The news media has been a convenient target of ridicule for as long as I can remember. Living in central Pennsylvania, I’ll never forget Joe Paterno being fired amidst the nationwide Jerry Sandusky scandal.  As Penn State students took to the street in protest, they chanted in unison “F*** the media!”  Many students were so angered by the coverage that they vandalized and tipped over a news van.  

But what most people seemed to not realize was that Sandusky may have never been brought to justice without the crucial help of the media. It would be years before journalist Sara Ganim could log in to Twitter without threats in her inbox for having the courage to uncover the truth.  This seems to be par for the course in the field of journalism in the United States.

What’s worse, journalists in many foreign countries literally risk their lives by choosing to report information that the government does not like.  Under Putin’s presidencies alone, at least 50 Russian journalists have been killed, yet President Trump falls silent on this trend.  Jamal Khashoggi was killed just days before he planned to disclose information about Saudi Arabia using chemical weapons in Yemen.  While Khashoggi’s murder has been the most famous this year, he is but one of 44 journalists killed in 2018.  

As a young journalist, I am greatly inspired by Sara Ganim, Jamal Khashoggi, and every other journalist who persists in the face of extreme adversity. They serve as real reminders of how vitally important the press is to a functioning society. People of power, politicians and even governments will go to extreme lengths to silence them, but the press will never be silenced. As long as government exists, so will the press; and this means politicians/governments have adopted less fatal ways of attempting to silence them.

Since before his election, President Trump has condemned media of all forms for spreading misinformation.  In addition to blaming the media for “endless hostility,” Trump has called the press “the enemy of the people” and has assured Americans that “what you are seeing and what you are reading is not what’s happening.”  Whether you agree with what he is saying or not, he is plainly trying to sow mistrust in any information that does not come directly from his administration (or his Twitter feed), and it’s pretty effective.

On Sunday, far-right social networking site “Gab” (which was recently no-platformed) had this to say: “The internet is not reality. TV is not reality. 80% of normal everyday people agree with Gab and support free expression and liberty.”  

The party told you to reject the evidence of your eyes and ears. It was their final, most essential command.

-George Orwell, 1984

In dismantling people’s perception of reality, figures of authority can undermine the effectiveness of the press and replace the current narrative with whatever they please.
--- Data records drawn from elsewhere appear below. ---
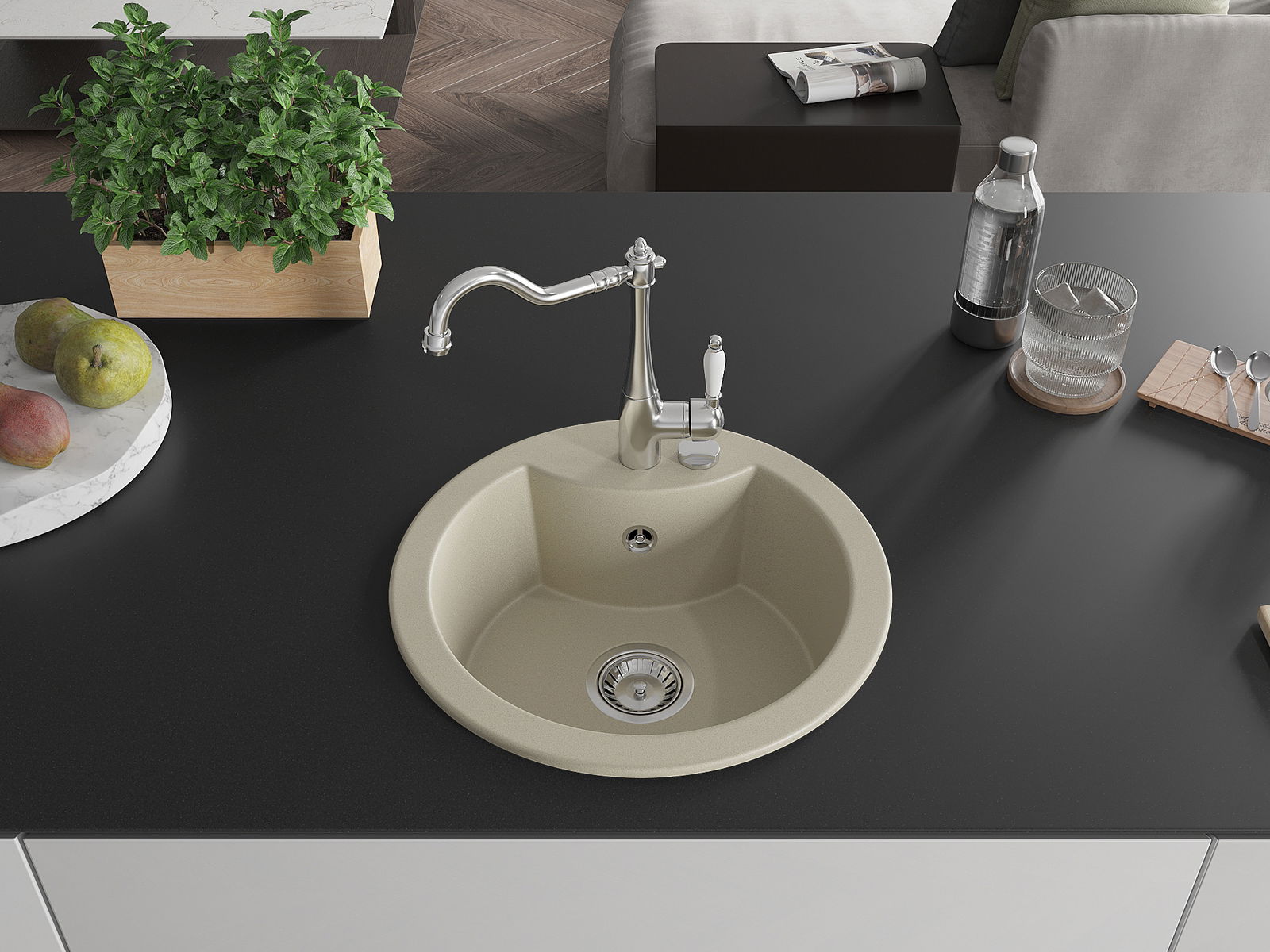 Dřez byl vyroben z vysoce kvalitního granitu. Představuje elegantní a především praktický doplněk každé kuchyně, bez ohledu na její styl. Vysoká kvalita a trvanlivost granitu zajišťují dlouholeté používání.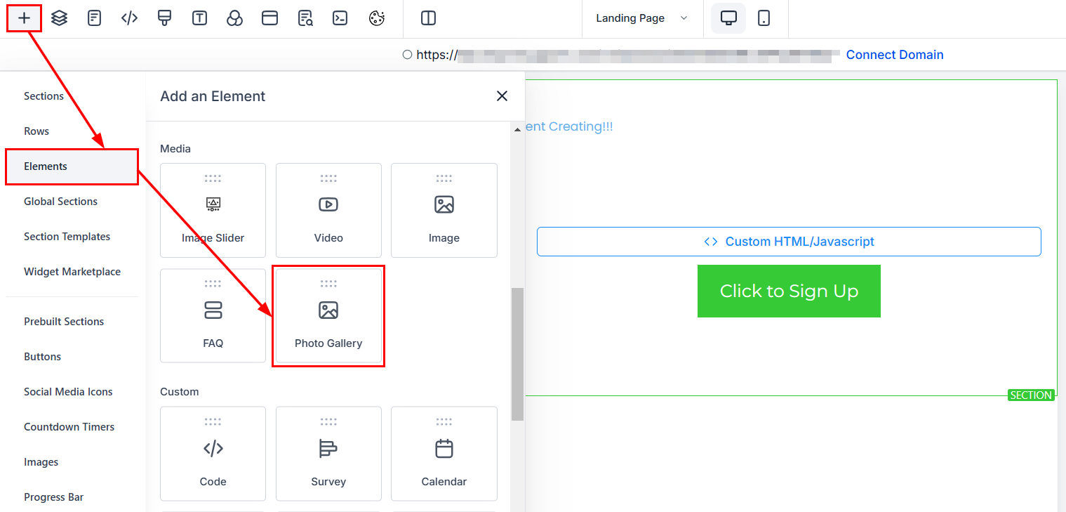 Navigate to the website or funnel builder and locate the Photo Gallery element in the left sidebar.
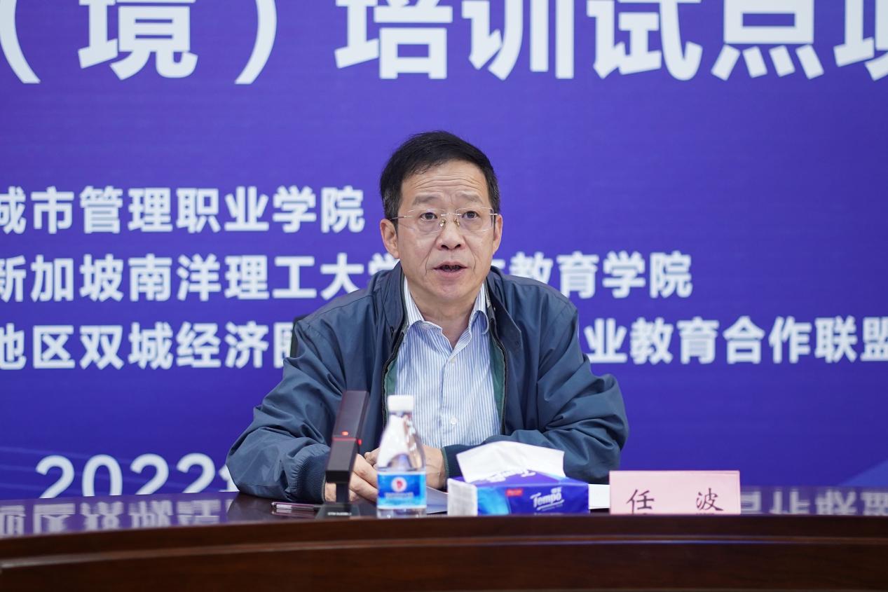 开班典礼上,任波书记代表学校对参会的领导、老师和学员们表示热烈欢迎,介绍了学校的基本情况以及近年来学校在国际化办学战略实施、服务“一带一路”建设、中外人文交流等方面取得的成绩。他强调,学校历来高度重视职教师资国际化建设,疫情前在新加坡、威尔士等设立3个海外教师工作站,牵头组织重庆高职院校教师赴海外学习研修累计200余人次。本次学校作为成渝地区双城经济圈-澜湄区域职业教育合作联盟理事长单位牵头组织成渝地区高职院校参加科技部线上出国(境)培训项目,旨在积极推动成渝两地国际化师资队伍建设,深化两地职业教育合作协同发展。他表示新加坡职业教育在世界上久负盛名,希望各位学员能够以培训此为契机,认真学习,积极借鉴新加坡职业教育经验,创新服务成渝地区职业教育高质量发展。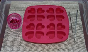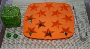 Flexible ice-block trays are an attractive material for children to work with. My girls LOVE this pink tray. (I should mention that it is the 6 and 4 year olds who clamour to do this one even though it is set out for the toddlers!)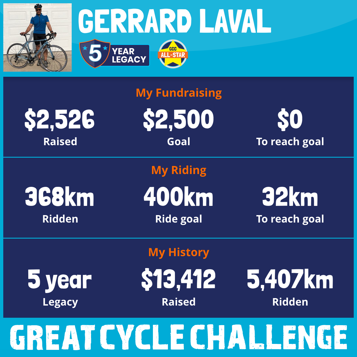 1,943 km Ridden$2,609 Raised2023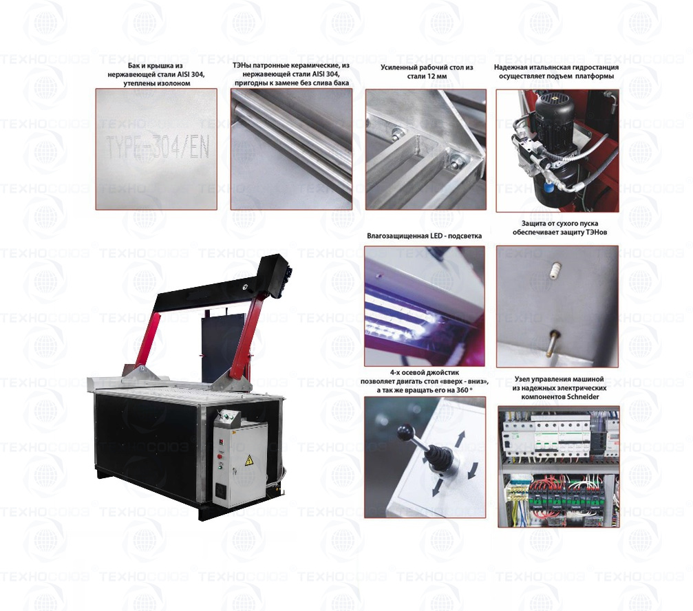 Температура воды в баке доводится до необходимой, при помощи трубчатого электрического нагревателя (ТЭНа). К поворотному столу специальными зажимами, поставляемыми в комплекте, крепится исследуемая деталь. К детали подводится сжатый воздух от пневмосистемы (штатного компрессора). Подъем/опускание поворотного стола осуществляется надежной итальянской гидростанцией. При помощи ручного привода вращения стола, деталь поворачивается под любым углом, что обеспечивает доступ ко всем скрытым полостям. Удобный 2-х позиционный джойстик, расположенный на панели управления, рассчитан на выполнение всех рабочих операций. Контроль давления осуществляется манометром.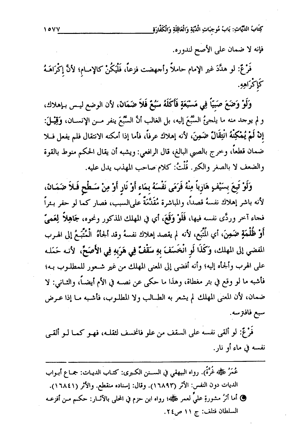 • أما أثرُ مشورةِ علي لعمر - رضي الله عنه -؛ رواه ابن حزم في المحلى بالآثار: حكم من أفزعه السلطان فتلف: ج 11 ص 24.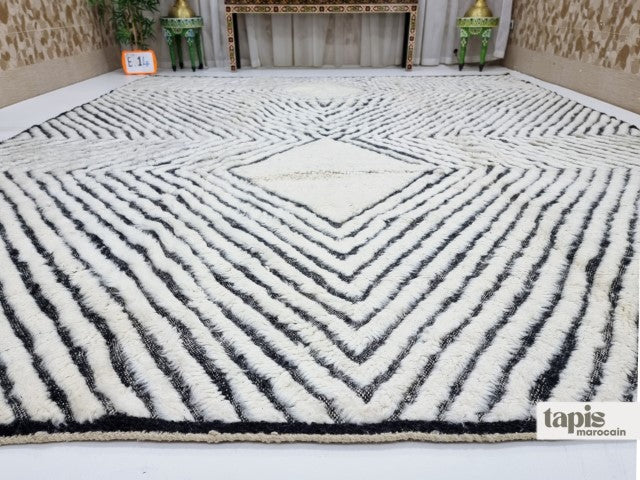 Le tapis berbère Beni Ouarain en laine douce marie authenticité et élégance moderne. Tissé à la main dans l’Atlas marocain, il séduit par ses motifs intemporels et son confort chaleureux. Véritable pièce d’artisanat, chaque tapis marocain est unique, fruit d’un savoir-faire ancestral. Avec sa texture raffinée et son style polyvalent, il apportera caractère et douceur à votre salon, chambre ou bureau.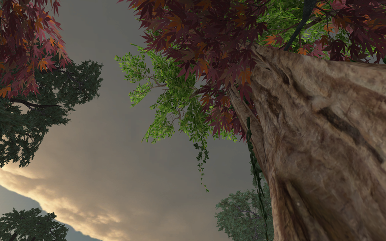 I have experimented with all these three approaches: 2D, 2,5D and 3D. In 2,5D and 3D, the mobile frame can move in-depth into the environments, but only the 3D space lets the reader explore it from all angels without breaking the illusion of a realistic environment. Turning around in a 2,5D environment would reveal that the elements are just flat, like cardboard figures. In scenes such as my 360-degree pan in Sound of the Aurora, I position the 2D graphics so that they always face the point from which they are viewed. I do this to retain the impression of the realistic world I established in the 2D drawings (Video 39).

This is one of the biggest struggles American journalists face today: gaining back the trust of the people who are unsure what to believe anymore.

My college professors always talked about the press being “the fourth estate,” or the fourth branch of government. In fact, because a healthy democracy is fueled by the general population being informed, it may even be the most important branch of government. Yet, many journalists are underpaid, undervalued and forced to constantly face the reality that the industry is in a decline. There’s a reason why one career site listed ‘news reporter’ as the #1 worst job of 2016.  Even still, they persist.

Why?

Almost all of the journalists I speak to share a common interest in the truth. When people accuse the press of lying, they tend to forget that most media outlets are usually comprised of individuals who have dedicated their careers to finding that truth.  

Now, more than ever, Americans should often be reminding themselves of how much President Trump and his administration stand to gain by establishing a mistrust of the press; and how much they stand to lose against the truth.